» Task instructions:
Could you report every line from the entries that includes the word "girdling"?

-------------------------

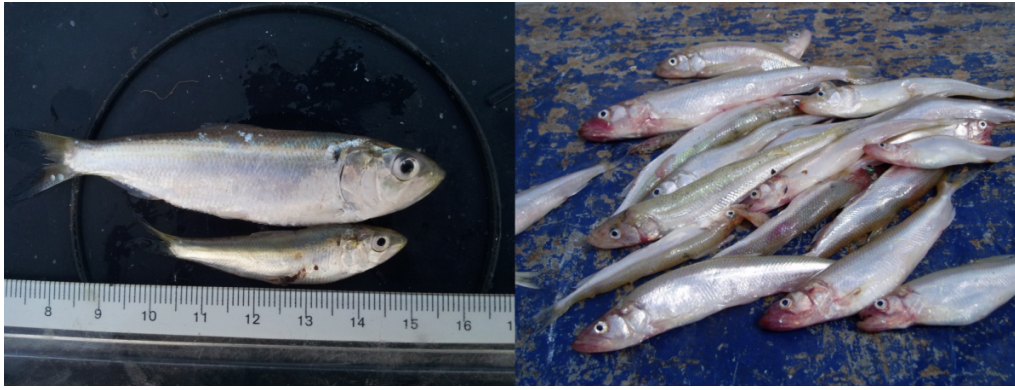
Figure 10. Left (A): Twaité shad ( Alosa fallax ) adult (above) and juvenile (below) caught in the Weser; Right (B): Smelt ( Osmerus eperlanus ) caught in the Weser (Photos: S. Schulze, Bioconsult).
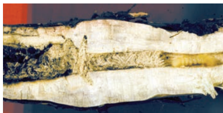
Figure 9. Mature dectes larva in confection sunflower showing limit of girdling radius

Another advantage of large plants is slower stalk desiccation postmaturity, which may extend the period of larval feeding and delay girdling. In oil sunflowers, yield per
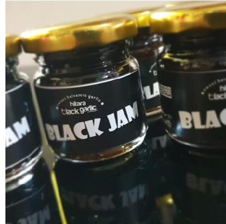
Black Garlic Paste/ Puree/ Jam
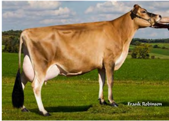
JX SEXING MAGNUM GAIL 59789 {5}-ET, VG-80% GRANDAM OF LOT 36

-------------------------

» Output of the task:
Figure 9. Mature dectes larva in confection sunflower showing limit of girdling radius
Another advantage of large plants is slower stalk desiccation postmaturity, which may extend the period of larval feeding and delay girdling. In oil sunflowers, yield per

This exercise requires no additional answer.